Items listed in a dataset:
________________________
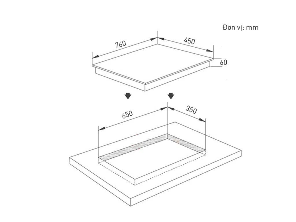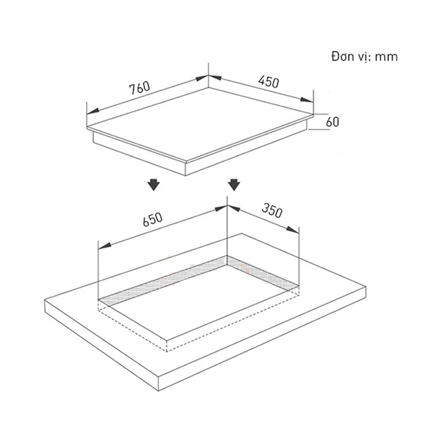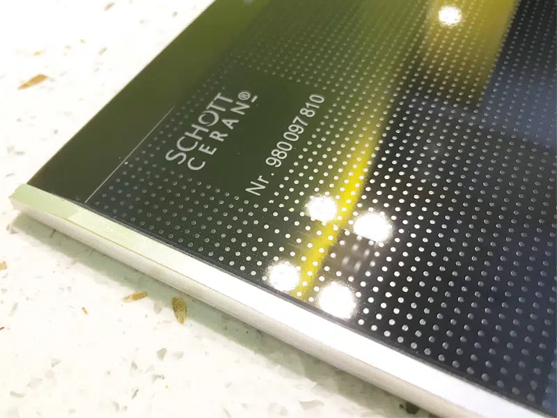 Đây là mặt kính chuyên dụng dành cho bếp điện từ, là một loại kính có chất lượng cao, rất cứng, bền và có nhiều đặc điểm nổi trội như: khả năng chịu nhiệt, khả năng chống trầy xước và chống va đập …. Mặt kính gồm các thấu kính hội tụ, truyền nhiệt từ bếp lên đáy nồi theo phương thẳng đứng, không thất thoát nhiệt ra môi trường. Mặt kính màu xám liền nguyên khối, an toàn, thẩm mỹ và tiện trong việc vệ sinh, lau chùi.
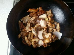 锅里加油烧到5层热时加冰糖,等冰糖慢慢融化变成焦糖色起泡泡时,放羊肉。
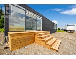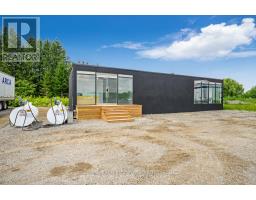 Modern freestanding modular unit offering approximately 1,400 square feet of finished, versatile space. Currently configured as a professional office, this structure presents an excellent opportunity for conversion to a modular home or alternative residential use. The layout features multiple rooms with an open-concept flow, allowing for flexible reconfiguration to suit a variety of needs. The interior includes tile and hardwood flooring, fresh paint, and floor-to-ceiling windows that provide abundant natural light and a bright, welcoming atmosphere. A full kitchen is already installed. Plumbing is not currently connected but can be readily installed to service the kitchen. A portable 3-piece washroom is included with the unit but is not currently connected. The exterior is finished in modern stucco, offering a clean and contemporary appearance. The unit is ideal for buyers seeking a modular structure with potential for residential use, guest accommodation, or secondary dwelling. A unique opportunity to acquire a well-finished modular unit with strong adaptability and future potential. (id:61594)
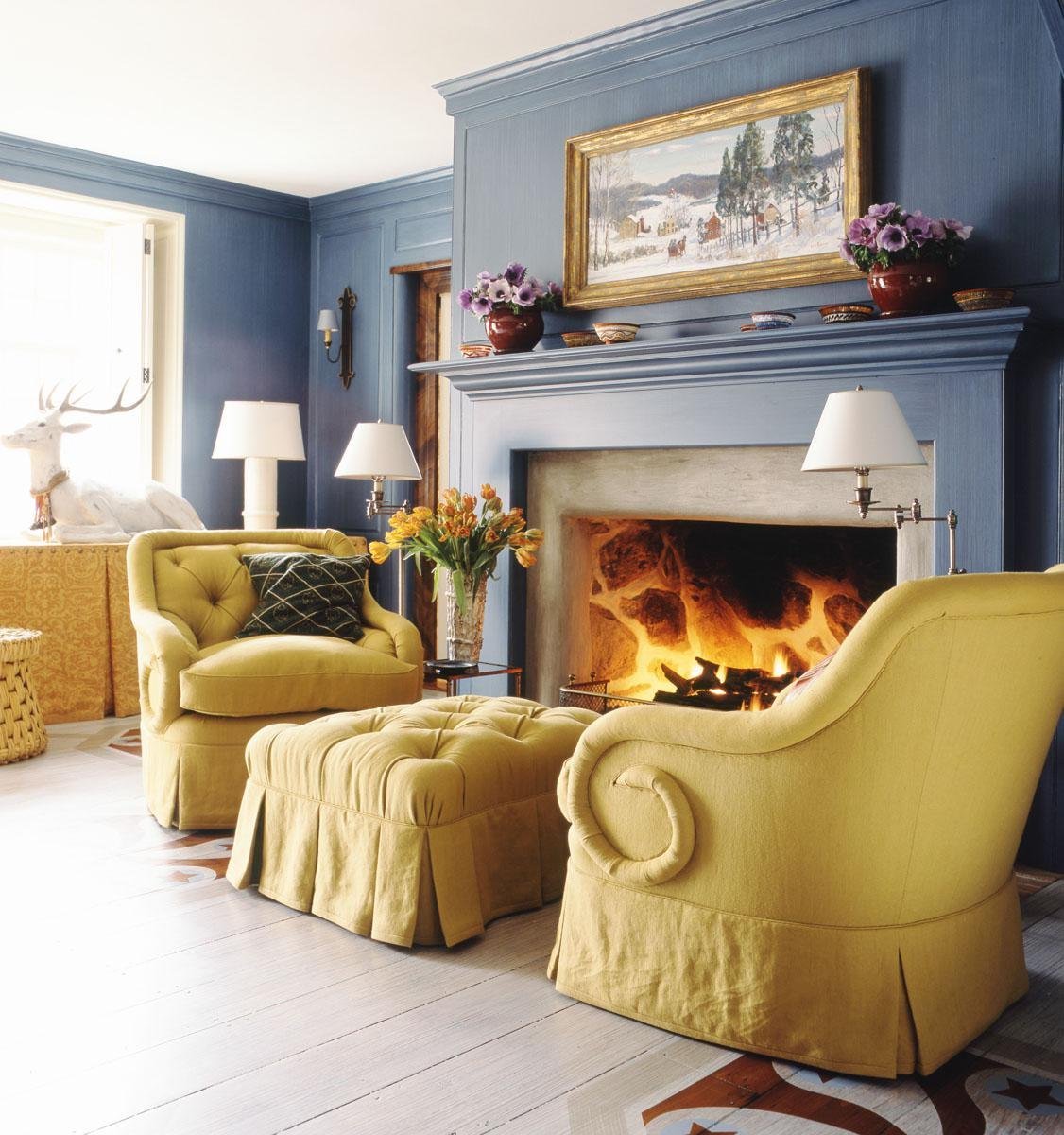 Гостиная с камином яркие цвета
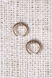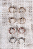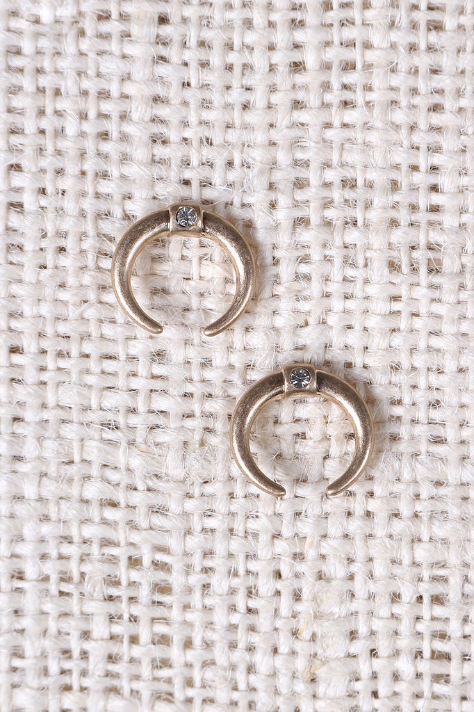 This set of earrings features 4 sets of different colored crescent shaped earrings with a rhinestone detail and a post back.
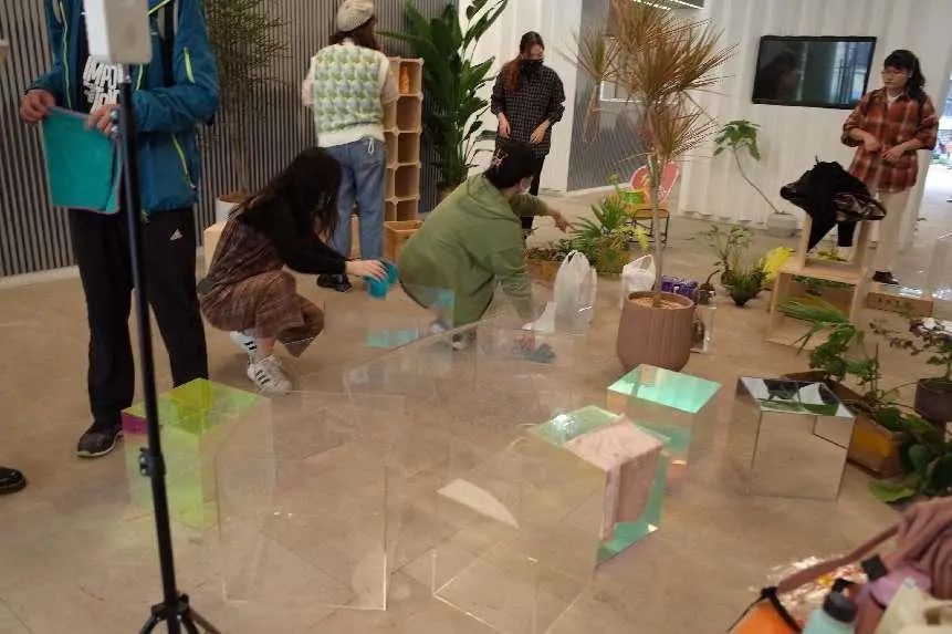 支部党员清点并集中搬运待栽植物与所需装置和植物盆栽,对花园节搭建所需的亚克力盒进行细致的清洗工作,并根据设计图纸初步摆放好各装置的位置,形成层次多样丰富的场景效果。
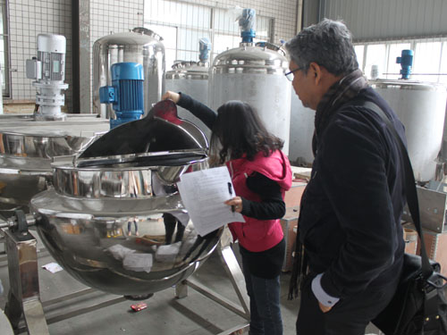 經(jīng)過與業(yè)務(wù)員的多次溝通與確認(rèn),新加坡客戶于2015年3月12日在我公司下單一臺600L高壓蒸煮鍋。目前設(shè)備已接近收尾工作,客戶來我公司驗貨,業(yè)務(wù)員熱情接待并為其講解了我公司的其它機械設(shè)備。
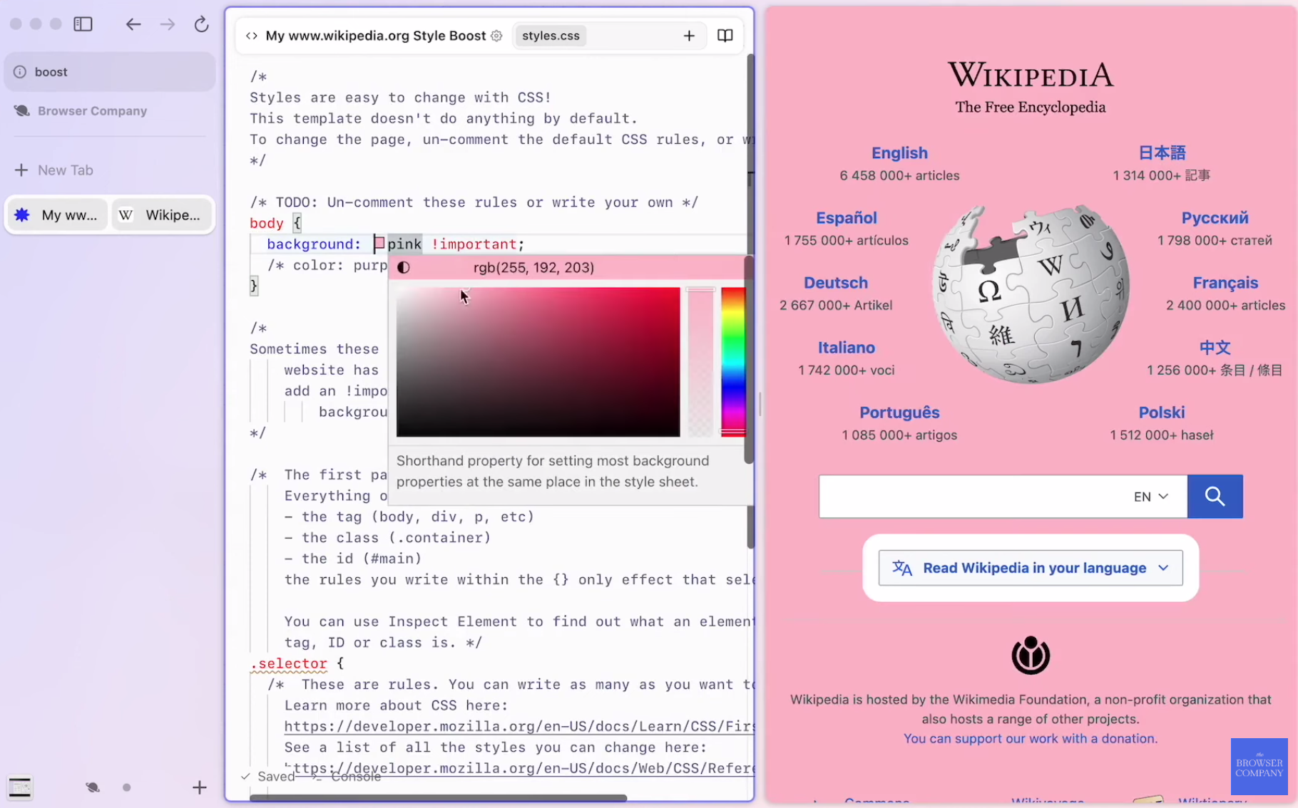 Boosts給予具工程能力的使用者,讓用戶修改網站程式碼,自定義網站樣貌,例如下圖將維基百科白色背景換成粉色背景。
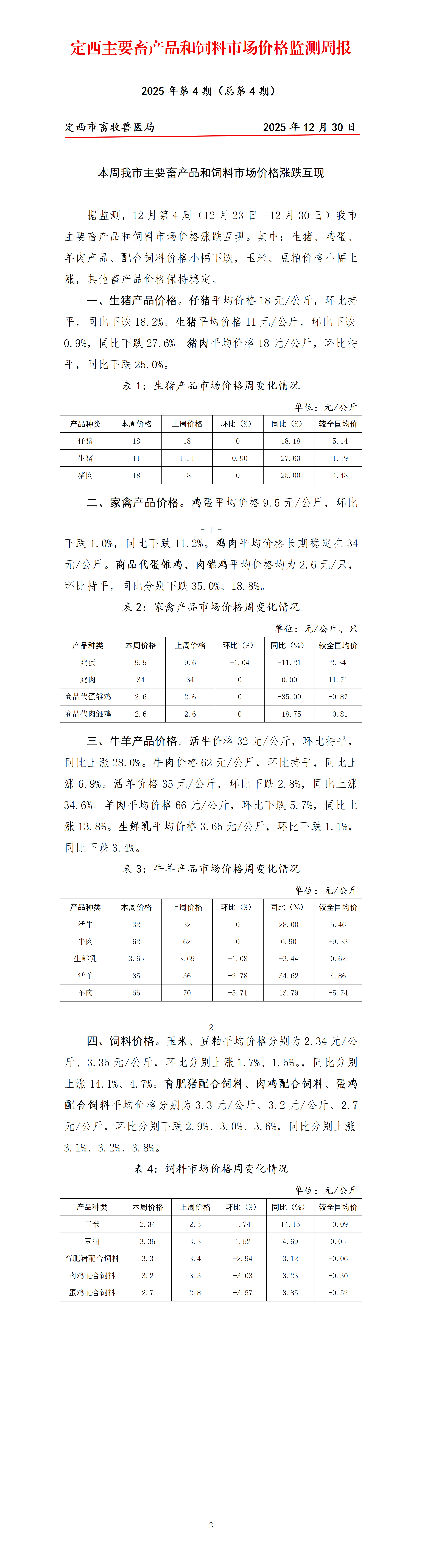12月第4周我市主要畜产品和饲料市场价格涨跌互现
________________________
Assigned task ->
Without the images, print all of the lines above exactly.

Exercise output ->
 Đây là mặt kính chuyên dụng dành cho bếp điện từ, là một loại kính có chất lượng cao, rất cứng, bền và có nhiều đặc điểm nổi trội như: khả năng chịu nhiệt, khả năng chống trầy xước và chống va đập …. Mặt kính gồm các thấu kính hội tụ, truyền nhiệt từ bếp lên đáy nồi theo phương thẳng đứng, không thất thoát nhiệt ra môi trường. Mặt kính màu xám liền nguyên khối, an toàn, thẩm mỹ và tiện trong việc vệ sinh, lau chùi.
 锅里加油烧到5层热时加冰糖,等冰糖慢慢融化变成焦糖色起泡泡时,放羊肉。
 Modern freestanding modular unit offering approximately 1,400 square feet of finished, versatile space. Currently configured as a professional office, this structure presents an excellent opportunity for conversion to a modular home or alternative residential use. The layout features multiple rooms with an open-concept flow, allowing for flexible reconfiguration to suit a variety of needs. The interior includes tile and hardwood flooring, fresh paint, and floor-to-ceiling windows that provide abundant natural light and a bright, welcoming atmosphere. A full kitchen is already installed. Plumbing is not currently connected but can be readily installed to service the kitchen. A portable 3-piece washroom is included with the unit but is not currently connected. The exterior is finished in modern stucco, offering a clean and contemporary appearance. The unit is ideal for buyers seeking a modular structure with potential for residential use, guest accommodation, or secondary dwelling. A unique opportunity to acquire a well-finished modular unit with strong adaptability and future potential. (id:61594)
 Гостиная с камином яркие цвета
 This set of earrings features 4 sets of different colored crescent shaped earrings with a rhinestone detail and a post back.
 支部党员清点并集中搬运待栽植物与所需装置和植物盆栽,对花园节搭建所需的亚克力盒进行细致的清洗工作,并根据设计图纸初步摆放好各装置的位置,形成层次多样丰富的场景效果。
 經(jīng)過與業(yè)務(wù)員的多次溝通與確認(rèn),新加坡客戶于2015年3月12日在我公司下單一臺600L高壓蒸煮鍋。目前設(shè)備已接近收尾工作,客戶來我公司驗貨,業(yè)務(wù)員熱情接待并為其講解了我公司的其它機械設(shè)備。
 Boosts給予具工程能力的使用者,讓用戶修改網站程式碼,自定義網站樣貌,例如下圖將維基百科白色背景換成粉色背景。
12月第4周我市主要畜产品和饲料市场价格涨跌互现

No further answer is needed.